__Task details__. Word for word, copy the entire listing below, but do not carry over any pictures.

__Data block__.
BEGIN

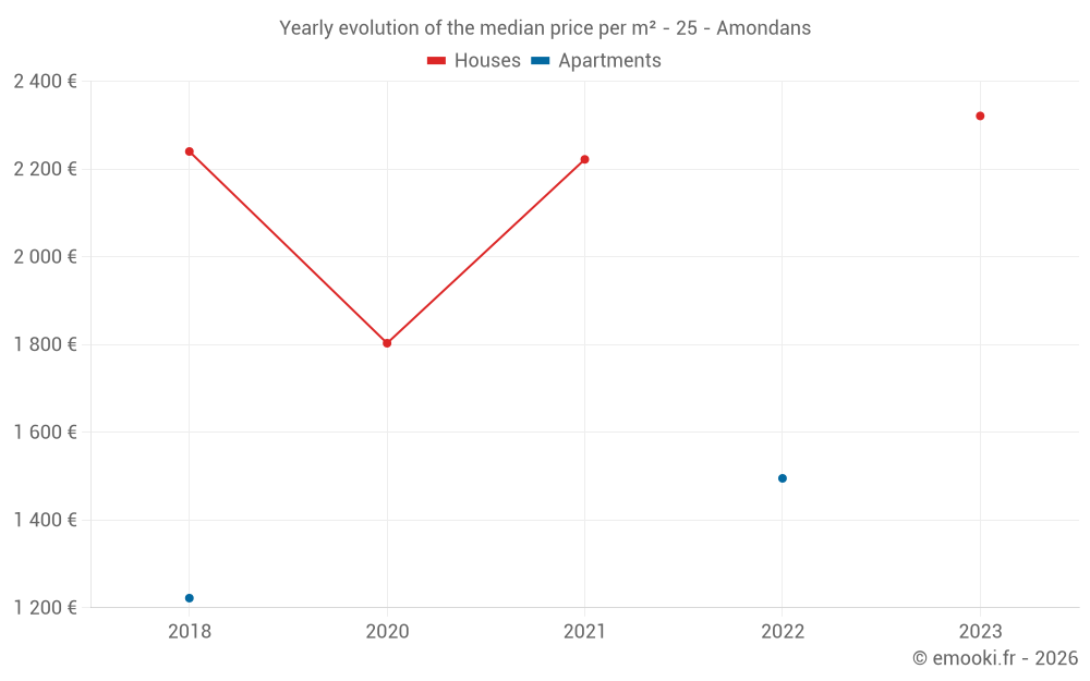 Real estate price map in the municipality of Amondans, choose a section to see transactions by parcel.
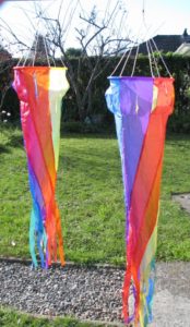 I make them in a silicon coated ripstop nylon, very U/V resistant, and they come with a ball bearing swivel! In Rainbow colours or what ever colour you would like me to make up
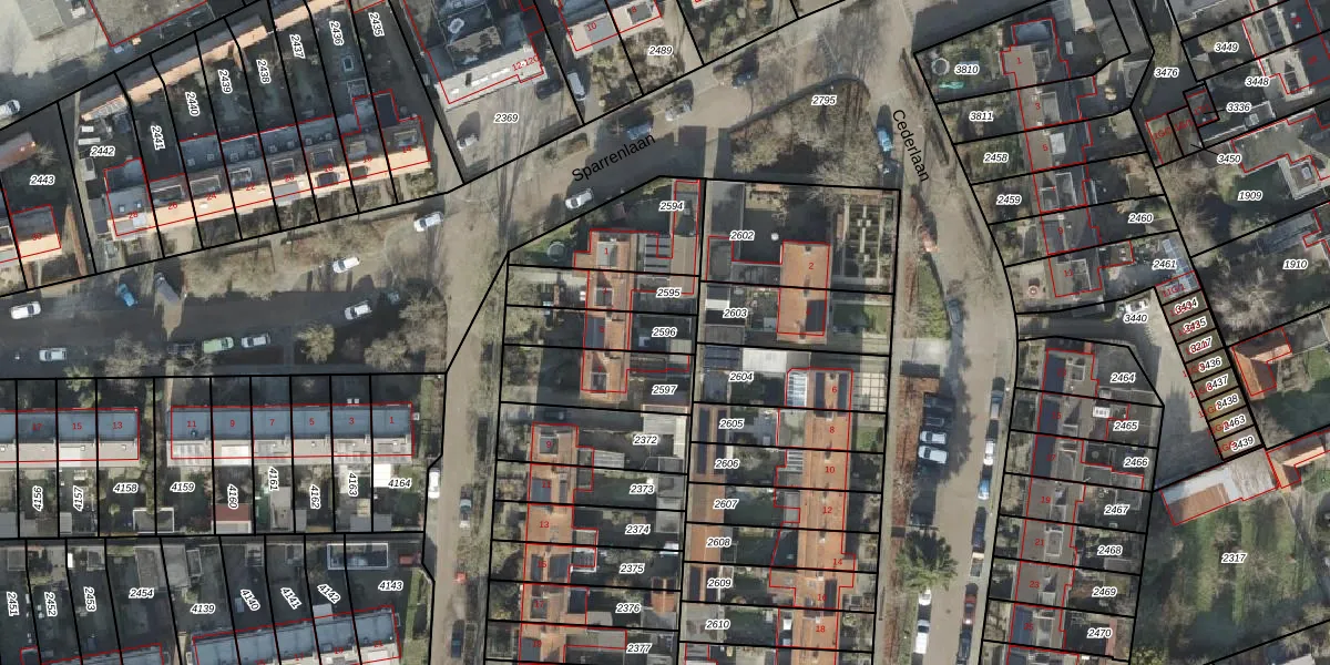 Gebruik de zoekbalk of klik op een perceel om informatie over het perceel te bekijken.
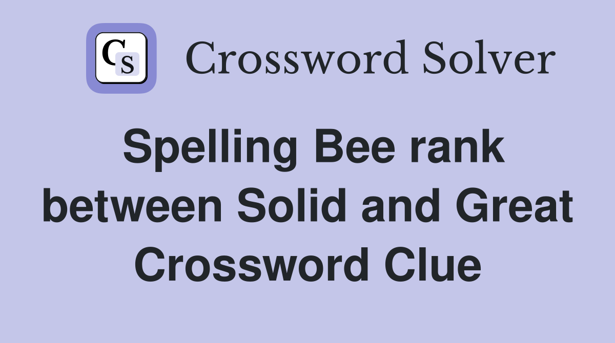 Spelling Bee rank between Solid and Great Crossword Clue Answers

END

__Your response__.
 Real estate price map in the municipality of Amondans, choose a section to see transactions by parcel.
 I make them in a silicon coated ripstop nylon, very U/V resistant, and they come with a ball bearing swivel! In Rainbow colours or what ever colour you would like me to make up
 Gebruik de zoekbalk of klik op een perceel om informatie over het perceel te bekijken.
 Spelling Bee rank between Solid and Great Crossword Clue Answers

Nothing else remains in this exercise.